As we saw in regression, \(k\)-nearest neighbors has no such model parameters. Instead, it has a **tuning parameter**, \(k\). This is a parameter which determines *how* the model is trained, instead of a parameter that is *learned* through training. Note that tuning parameters are not used exclusively with non-parametric methods. Later we will see examples of tuning parameters for parametric methods.

Often when discussing \(k\)-nearest neighbors for classification, it is framed as a black-box method that directly returns classifications. We will instead frame it as a non-parametric model for the probabilites \(p_g(x) = P(Y = g \mid X = x)\). That is a \(k\)-nearest neighbors model using \(k\) neighbors estimates this probability as

\[ \hat{p}_{kg}(x) = \hat{P}_k(Y = g \mid X = x) = \frac{1}{k} \sum_{i \in \mathcal{N}_k(x, \mathcal{D})} I(y_i = g) \]

Essentially, the probability of each class \(g\) is the proportion of the \(k\) neighbors of \(x\) with that class, \(g\).

Then, to create a classifier, as always, we simply classify to the class with the highest estimated probability.

\[ \hat{C}_k(x) = \underset{g}{\mathrm{argmax}} \ \ \hat{p}_{kg}(x) \]

This is the same as saying that we classify to the class with the most observations in the \(k\) nearest neighbors. If more than one class is tied for the highest estimated probablity, simply assign a class at random to one of the classes tied for highest.

In the binary case this becomes

\[ \hat{C}_k(x) = \begin{cases} 1 & \hat{p}_{k0}(x) > 0.5 \\ 0 & \hat{p}_{k1}(x) < 0.5 \end{cases} \]

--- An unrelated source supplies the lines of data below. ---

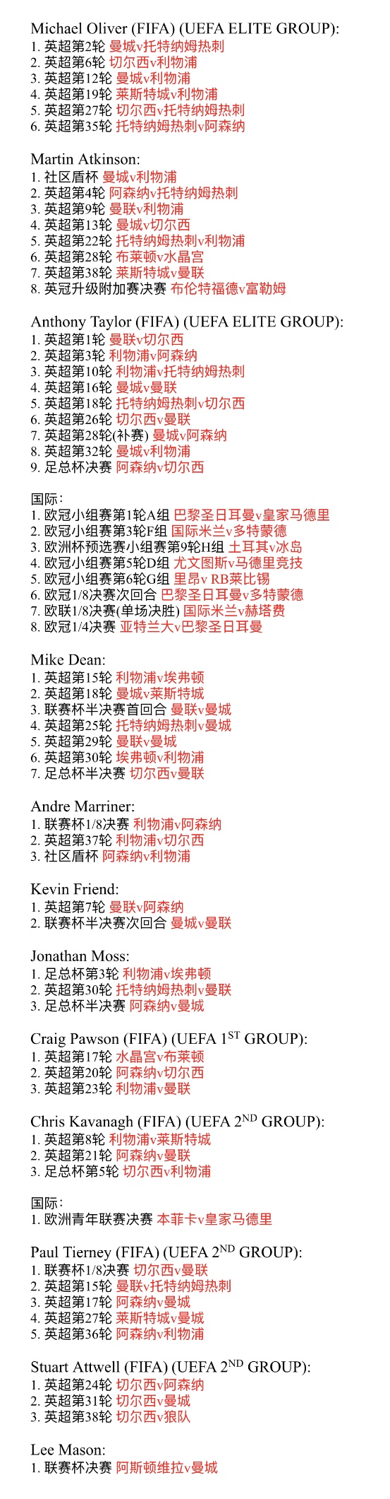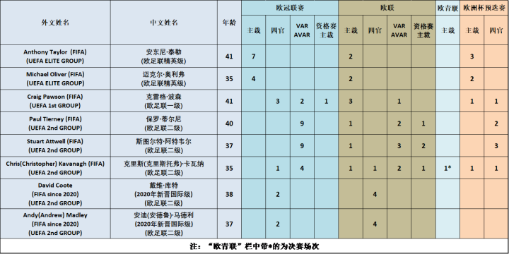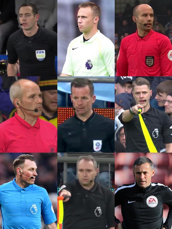 (图) 有机会执法焦点战的11位裁判员(梅森仅执法了联赛杯决赛,未执法其他任何焦点战,故不算在内)
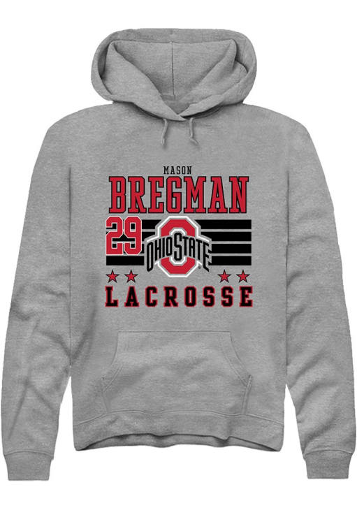 Mason Bregman Rally Mens Grey Ohio State Buckeyes NIL Striped Hooded Sweatshirt
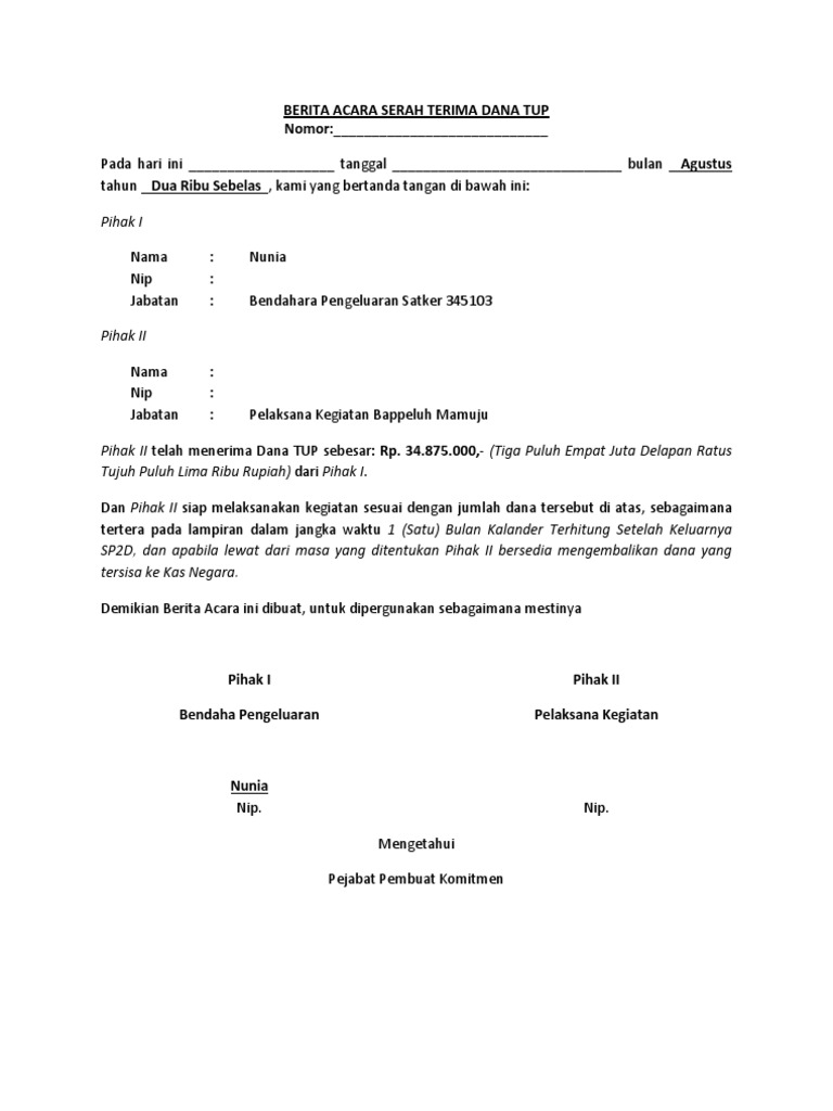 Berita Acara Serah Terima Dana Tup Pdf
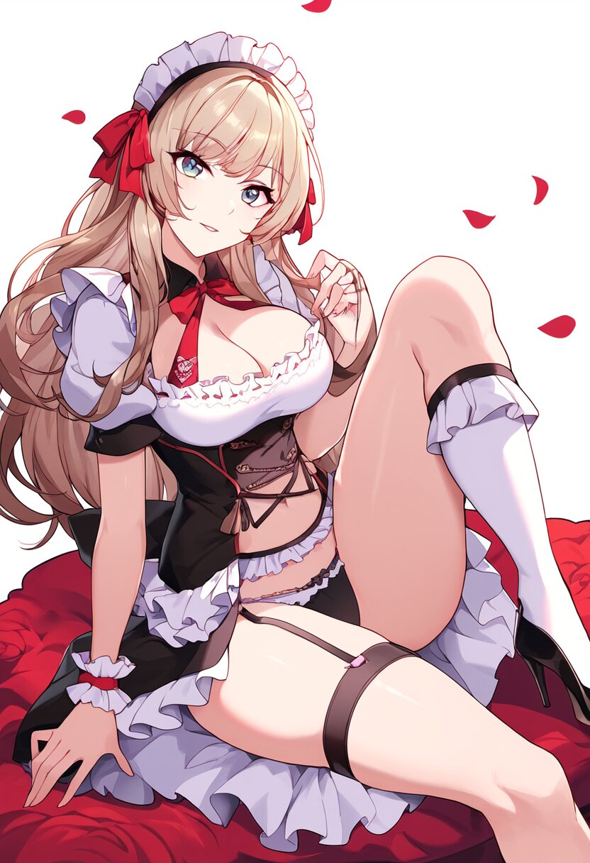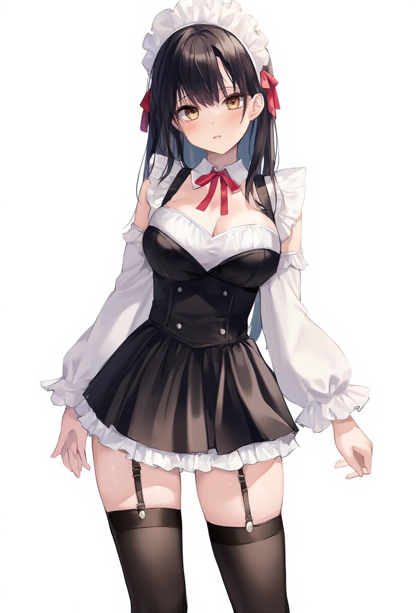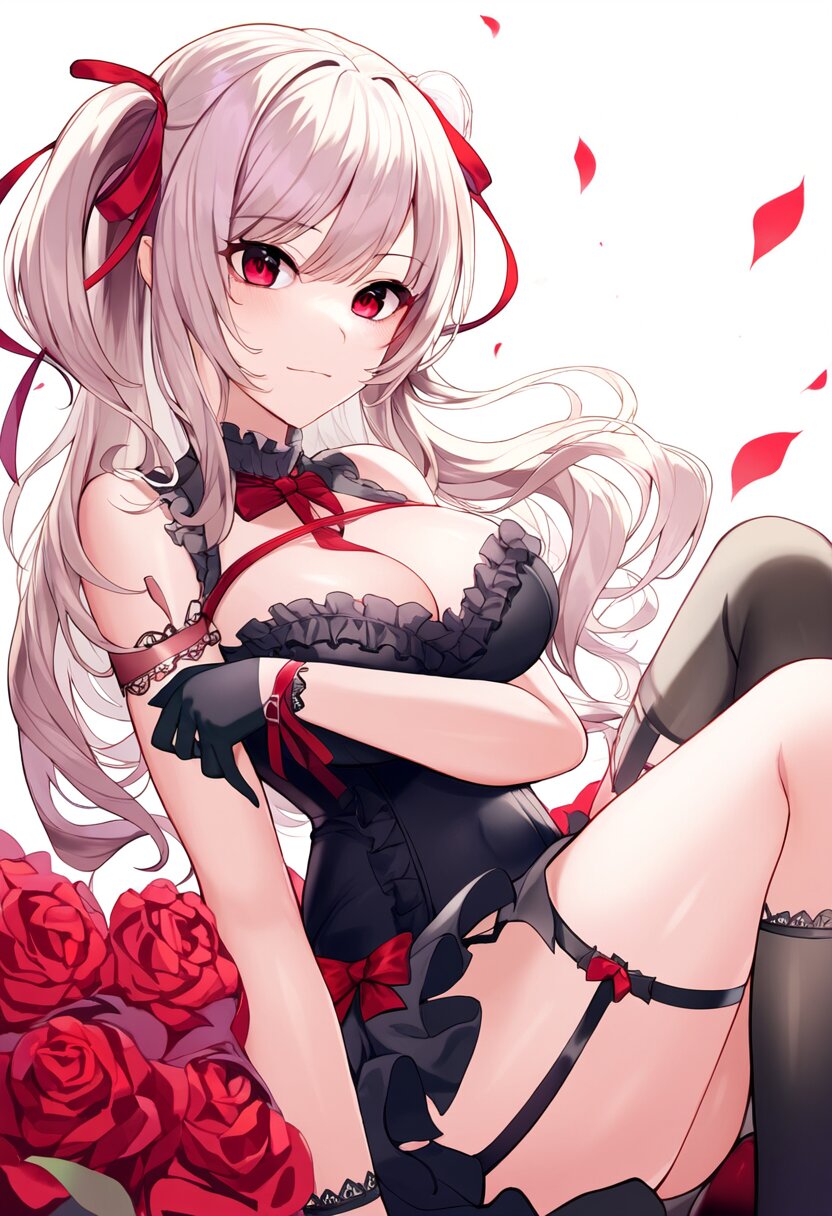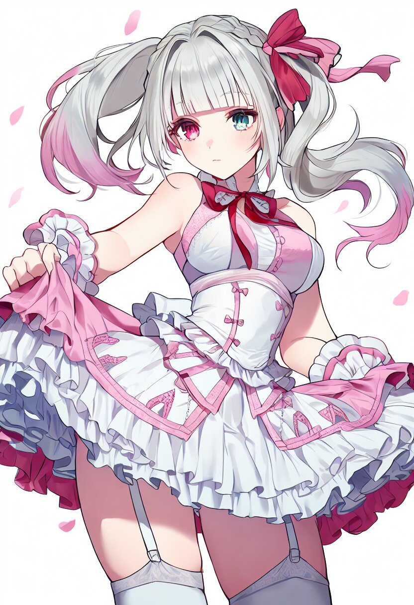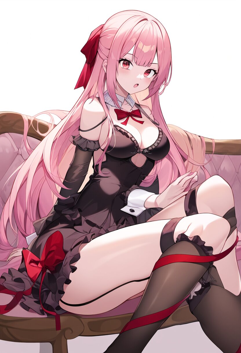 very aesthetic, best quality, absurdres, girl, solo, beautiful detailed hair, beautiful detailed eyes, medium breast, red ribbon, dress, micro mini skirt, many frills, garter belt, knee socks,

Again, if the probability for class `0`

and `1`

are equal, simply assign at random.

In the above example, when predicting at \(x = (x_1, x_2) = (8, 6)\),

\[ \hat{p}_{5B}(x_1 = 8, x_2 = 6) = \hat{P}_5(Y = \text{Blue} \mid X_1 = 8, X_2 = 6) = \frac{3}{5} \]

\[ \hat{p}_{5O}(x_1 = 8, x_2 = 6) = \hat{P}_5(Y = \text{Orange} \mid X_1 = 8, X_2 = 6) = \frac{2}{5} \]

Thus

\[ \hat{C}_5(x_1 = 8, x_2 = 6) = \text{Blue} \]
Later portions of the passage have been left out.